Perform the decomposition into partial fractions
(x-1)/(x(x^4+1))=(Ax^3+Bx^2+C)/(x^4+1)+(D)/(x)
=((Ax^3+Bx^2+C)x+D(x^4+1))/(x(x^4+1))
The denominators are the same, compare the numerators
x-1=Ax^4+Bx^3+Cx+Dx^4+D
Therefore, comparing the LHS and the RHS
A+D=0
C=1
D=-1
B=0
A=-D=1
So,
(x-1)/(x(x^4+1))=(x^3+1)/(x^4+1)-1/(x)
int((x-1)dx)/(x(x^4+1))=int((x^3+1)dx)/(x^4+1)-int(1dx)/(x)
=int(x^3dx)/(x^4+1)+int(dx)/(x^4+1)-int(1dx)/(x)

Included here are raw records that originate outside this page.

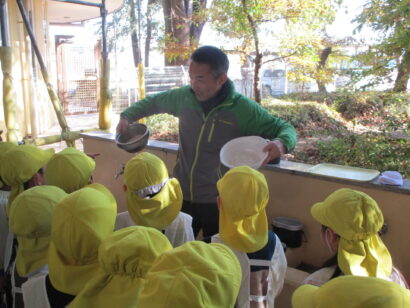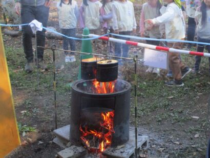 今日は、春から年長さんが育てたお米を飯盒炊飯で炊いて食べる日です。
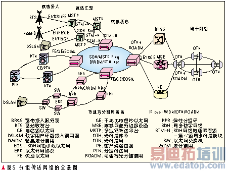 城域汇聚/城域核心可使用SDH/MSTP环/RPR、CE/PTN网络(例如PBT和T-MPLS),甚至在业务颗粒非常大有必要时可直接使用WDM,甚至引入OTN(OTH+ROADM)技术作为实现IPoverWDM/OTN/ROADM的手段;
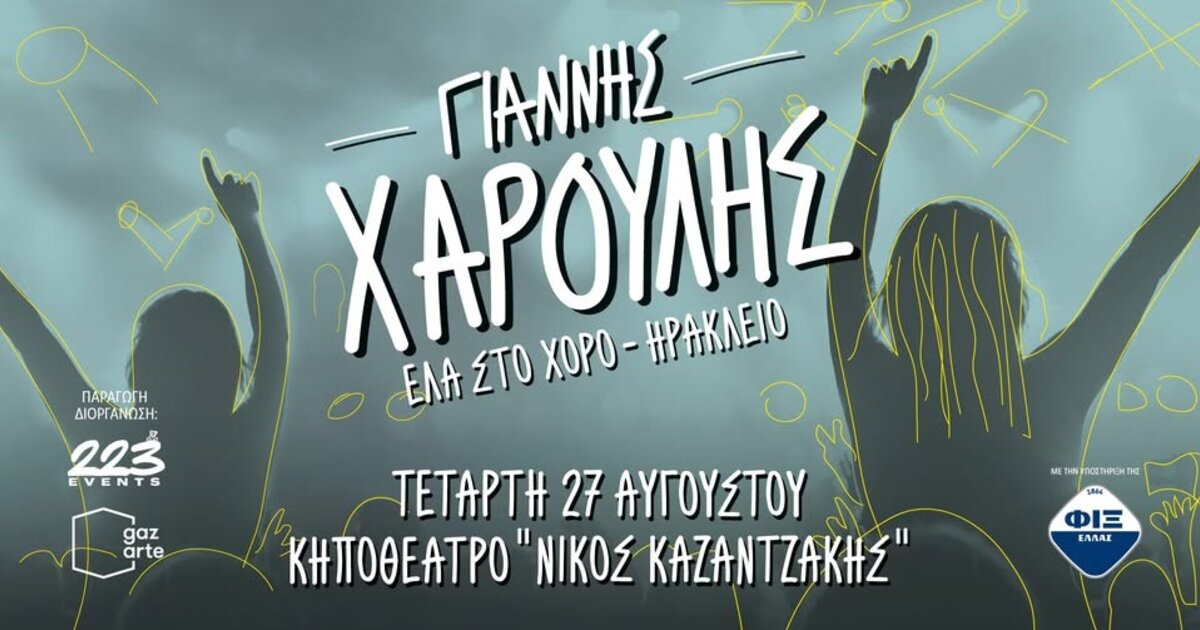 Στο Κηποθέατρο «Νίκος Καζαντζάκης» αύριο θα εμφανιστεί ο Γιάννης Χαρούλης ο οποίος θα μας παρασύρει σε ένα ξέφρενο γλέντι. Ένα γλέντι που μόνο αυτός ξέρει να στήνει τόσο αυθόρμητα και ειλικρινά.
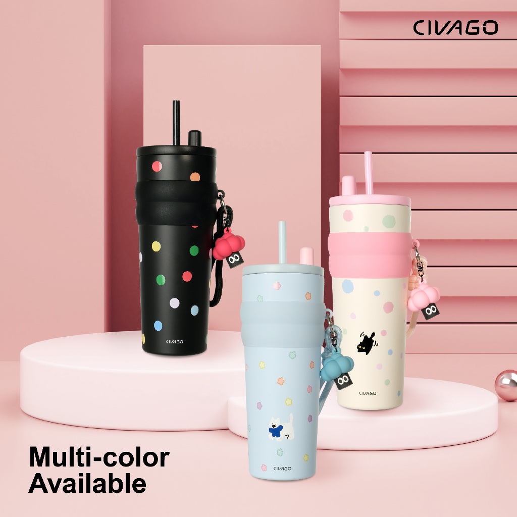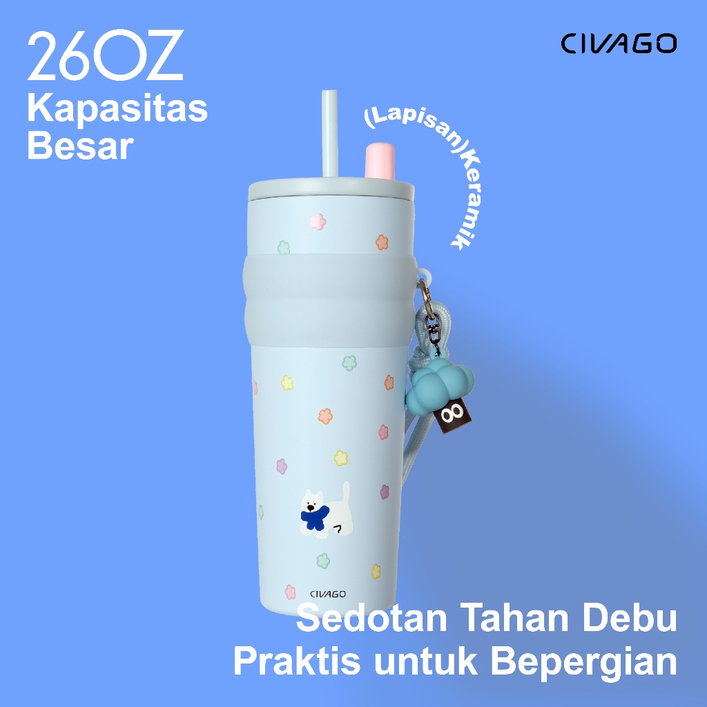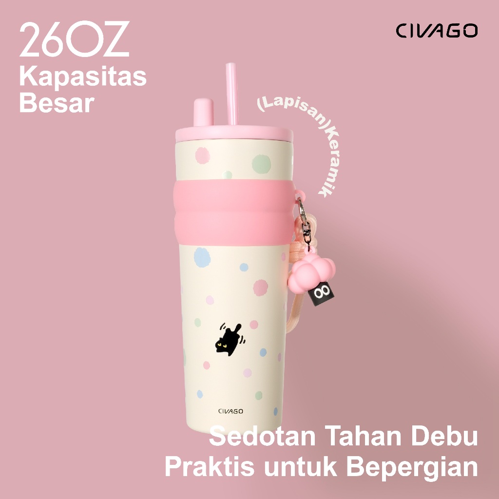 Housebrand tumbler CIVAGO(26oz/768ml)Tumbler Kopi Stainless Steel Tahan Panas dengan Lapisan Keramik dan Tutup Seri Polk
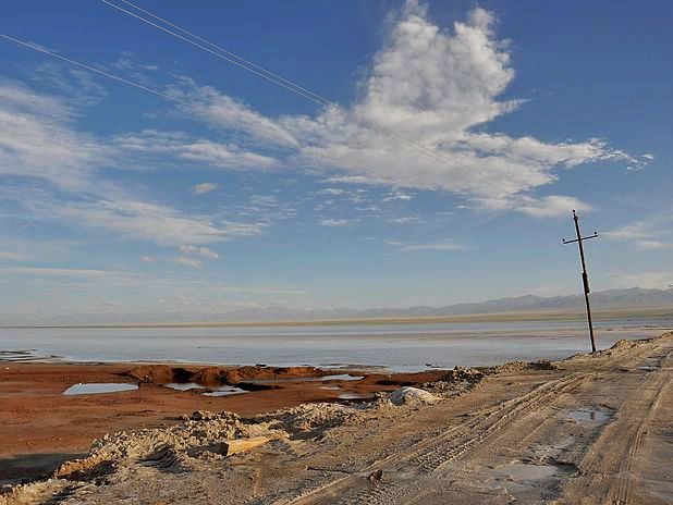 坐车路过季节海,是有季节性的,有时候没有水,有时候有水。

Let u=x^4+1, =>, du=4x^3dx
Therefore,
int(x^3dx)/(x^4+1)=1/4int(du)/(u)=1/4lnu=1/4ln(x^4+1)
int(dx)/(x)=ln(|x|)
1/(x^4+1)=1/((x^2-sqrt2x+1)(x^2+sqrt2x+1))
=(Ax+B)/(x^2-sqrt2x+1)+(Cx+D)/(x^2+sqrt2x+1)
=((Ax+B)(x^2+sqrt2x+1)+(Cx+D)(x^2-sqrt2x+1))/((x^2-sqrt2x+1)(x^2+sqrt2x+1))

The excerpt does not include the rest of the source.